Political Issue: Jill Biden, the student’s champion


Samantha Roth

Former second lady Jill Biden is playing an important roll alongside her husband in the 2020 presidential campaign.

A lifelong educator and advocate for public education, Dr. Jill Biden never intended on being in the political spotlight. In fact, even as second lady she led a very independent and relatively nonpolitical life. She continued her longtime teaching career at Northern Virginia Community College (NOVA), the first to ever hold a paying job while second lady. She was also a passionate spokeswoman for a wide range of causes, including the needs of military families,  benefits of community colleges, and LGBT rights. Despite her distaste for Washington politics, she has emerged as a major political figure during the 2020 campaign. Here’s how she got to this point, her accomplishments and the impact she’s had. 

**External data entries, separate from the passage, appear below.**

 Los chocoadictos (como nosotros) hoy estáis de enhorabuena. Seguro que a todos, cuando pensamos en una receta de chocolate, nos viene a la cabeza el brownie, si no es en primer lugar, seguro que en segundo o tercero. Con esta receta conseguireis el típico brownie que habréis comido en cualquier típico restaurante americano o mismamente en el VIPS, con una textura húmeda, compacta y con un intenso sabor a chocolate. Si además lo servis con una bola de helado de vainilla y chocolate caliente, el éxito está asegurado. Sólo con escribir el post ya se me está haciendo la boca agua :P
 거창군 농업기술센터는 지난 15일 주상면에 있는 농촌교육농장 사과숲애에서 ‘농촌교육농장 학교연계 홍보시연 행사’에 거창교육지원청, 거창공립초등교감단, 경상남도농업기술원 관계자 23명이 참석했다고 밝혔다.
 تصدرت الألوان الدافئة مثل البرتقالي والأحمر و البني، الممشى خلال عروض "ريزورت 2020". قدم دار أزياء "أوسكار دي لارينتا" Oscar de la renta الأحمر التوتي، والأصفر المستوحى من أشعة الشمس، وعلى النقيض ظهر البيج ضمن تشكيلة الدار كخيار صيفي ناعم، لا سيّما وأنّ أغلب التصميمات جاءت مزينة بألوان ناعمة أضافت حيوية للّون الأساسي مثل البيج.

Early life and education: 

Born in New Jersey, Biden (then Jacobs) spent most of her childhood in the Pennsylvania suburb of Willow Grove. She attended Upper Moreland High School where she discovered the love of English that would shape her life’s work, as she told Vogue in 2008: “I was rebellious in high school,” Biden said. “I just had a good time. I enjoyed life. I enjoyed dating, I enjoyed my friends. But there was always that love of English class.” 

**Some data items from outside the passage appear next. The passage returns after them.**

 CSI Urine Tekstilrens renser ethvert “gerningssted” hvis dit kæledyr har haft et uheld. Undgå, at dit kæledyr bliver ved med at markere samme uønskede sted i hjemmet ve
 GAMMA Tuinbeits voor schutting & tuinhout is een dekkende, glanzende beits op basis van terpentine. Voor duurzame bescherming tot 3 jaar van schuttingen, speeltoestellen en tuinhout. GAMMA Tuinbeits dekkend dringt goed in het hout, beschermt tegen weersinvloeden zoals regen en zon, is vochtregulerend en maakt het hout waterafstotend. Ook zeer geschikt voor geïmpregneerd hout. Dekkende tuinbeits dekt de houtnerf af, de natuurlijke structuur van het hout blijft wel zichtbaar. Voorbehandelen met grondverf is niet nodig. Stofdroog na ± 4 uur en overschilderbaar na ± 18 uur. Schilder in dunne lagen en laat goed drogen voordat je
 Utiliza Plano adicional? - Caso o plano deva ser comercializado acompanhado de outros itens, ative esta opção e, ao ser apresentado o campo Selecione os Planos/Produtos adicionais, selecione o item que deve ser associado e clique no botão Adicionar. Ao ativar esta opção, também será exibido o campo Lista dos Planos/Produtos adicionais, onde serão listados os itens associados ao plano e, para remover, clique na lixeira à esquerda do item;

Biden attended the University of Delaware, majoring in English and graduating with a Bachelors of Arts in 1975. As a senior, she met her future husband in then-senator Joe Biden. The couple married in 1977, shortly after graduating with her undergraduate MBA. She went on to get master’s degrees from West Chester University and Villanova University, as well as a Doctorate of Education in education leadership from the University of Delaware. 

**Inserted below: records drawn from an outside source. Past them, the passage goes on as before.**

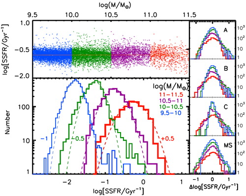 紫金山天文台星系研究团队利用COSMOS大天区深场巡天的多波段数据,对60亿年前(红移0.7处)的活动星系开展大样本统计研究,探索这一时期星系恒星形成活动的规律。这一工作利用stacking技术,结合不同物理模型,首次实现对该红移小质量星系恒星形成率分布的定量估计。如图所示,不论大质量还是小质量的活动星系,它们平均的比恒星形成率(亦即恒星形成率与恒星质量的比值,是衡量星系恒星形成活动相对强度的物理量)相当;发现恒星活动星系“主序”规律的弥散程度随星系的恒星质量变化,小质量处弥散小,大质量处弥散大。这一发现表明,小质量星系中主导恒星形成活动的物理过程比较相似,因而恒星形成率分布弥散小,而大质量的星系形成活动背后的物理过程差异性大,造成恒星形成活动强度分布的弥散大。这一发现是对活动星系“主序”规律的新认识,有助于理解支配星系演化背后的物理规律。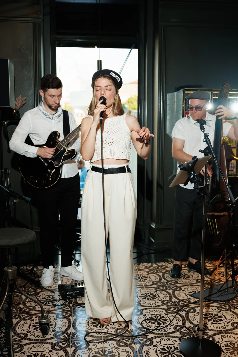 Музичний супровід забезпечила чарівна вокалістка Анна Кіндзерська у складі джазового тріо, створивши вишукану атмосферу вечора.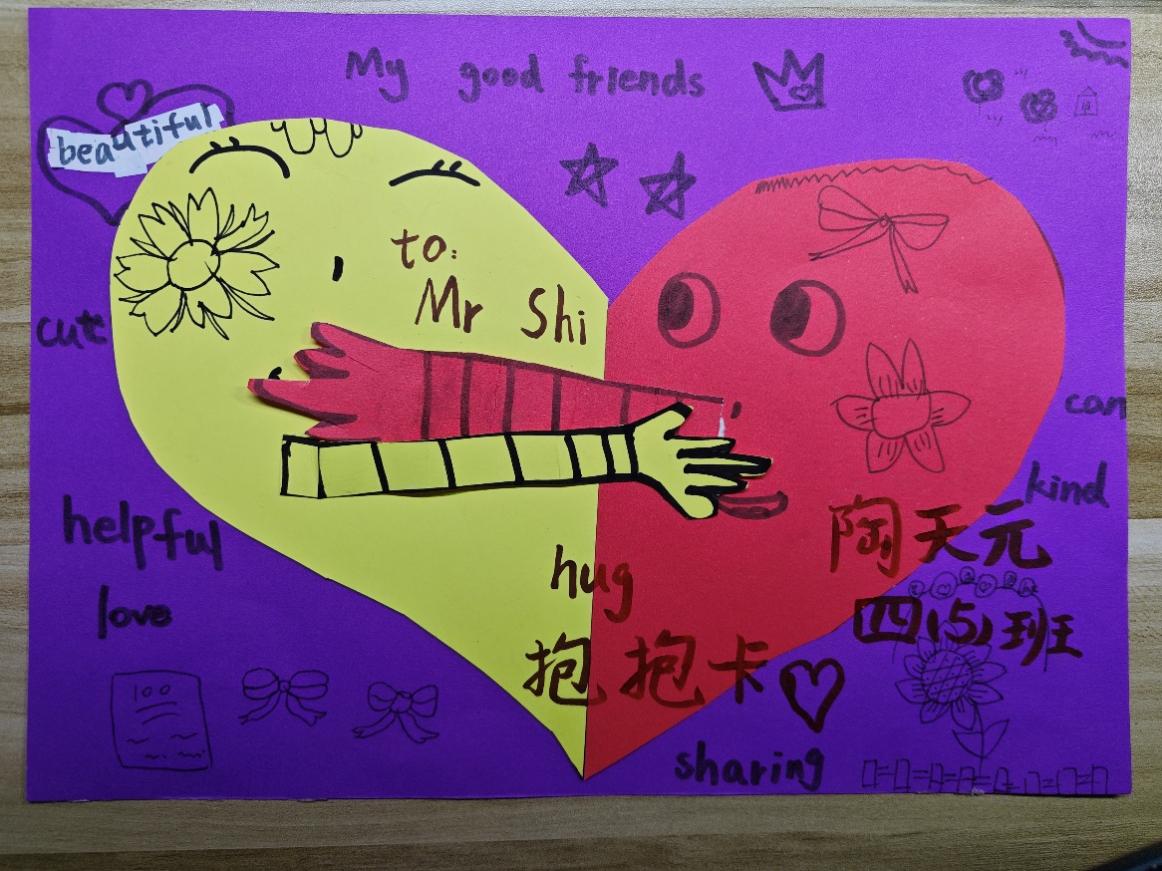 下图是我女儿制作的抱抱卡,送给施老师。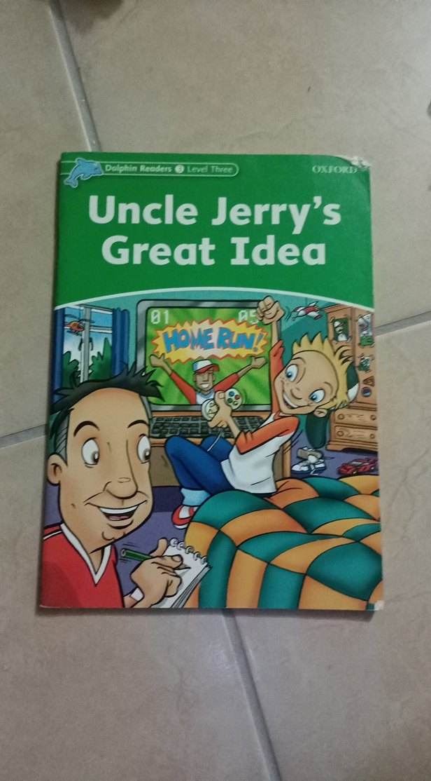 "Uncle Jerry'nin Harika Fikri" mizah kitabında, bir çocuk televizyonda home run kutlarken diğer adam not alıyor. Neşeli anlar içerir.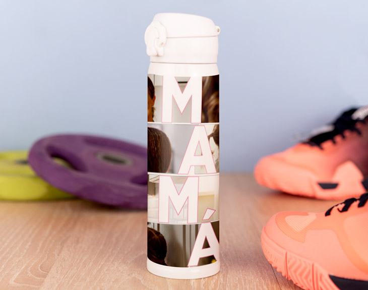 ¿Tu mamá es una auténtica aventurera? Si le encanta hacer rutas, viajar y exprimir cada día al máximo, este termo personalizado tiene su nombre. Así podrá llevarlo siempre encima y tomarse un descanso cada vez que lo necesite, además de hidratarse recordará lo especial que es para vosotros y le dará un chute de energía. Para personalizarlo, solamente tendrás que subir vuestras fotos favoritas al diseñador, esas que cada vez que las veis os llevan directos a los mejores momentos. Sabemos que es difícil escoger, pero merecerá la pena solo por ver su cara de emoción al descubrir este regalo original. Además, podrás cambiar la posición y tamaño de las imágenes para que ajuste perfectamente en el diseño. Sin duda, si hay alguien que se merece todo y más es tu madre, por eso, ha llegado el momento de darle una sorpresa con este detallazo. Ya sea por el Día de la Madre, por su cumpleaños o en cualquier otra fecha señalada ,¡todos los días son buenos para demostrar a tu mamá lo importante que es para ti! Altura de la botella: 22,5 cm. Diámetro de la base: 6 cm. Capacidad: 400 ml. Colores disponibles: negro, blanco y plateado. Material: Acero inoxidable.

From the time she graduated college, Biden has been a passionate teacher, only taking time off from teaching to raise her daughter Ashley, who now works for criminal justice reform in Delaware. She taught high school reading and English for 13 years, including five years in a psychiatric center working with emotionally disabled children. In 1993 she began teaching English at Delaware Technical and Community College, where she taught until her move to Washington, D.C. in 2008 following her husband’s Vice Presidential win. In Washington, she continued teaching at NOVA until taking a leave of absence for the 2020 spring semester to join the campaign full time. Discussing her work for community colleges to the Washington Post, Biden said, “I feel like I can make a greater difference in their lives. I just love that population. It just feels really comfortable to me. I love the women who are coming back to school and getting their degrees because they’re so focused.”


Life as second lady: 

During her time as second lady, Biden continued to teach while doing charitable and humanitarian work, including raising awareness about the importance of community colleges. She embarked on a “Community College to Career” tour with Secretary of Labor Hilda Solias to showcase community colleges and how they lead to employment opportunities. During Obama’s reelection year, she campaigned with relatively few speaking engagements, continuing to keep a low profile. During her second term, she continued her support of veterans and military families, with visits to the Invictus Games (a sport event for injured military personnel and veterans) and a rehab center for amputees. Toward the end of her term, the Bidens lost their son Beau to brain cancer, leading Joe Biden to decide against running in the 2016 election. 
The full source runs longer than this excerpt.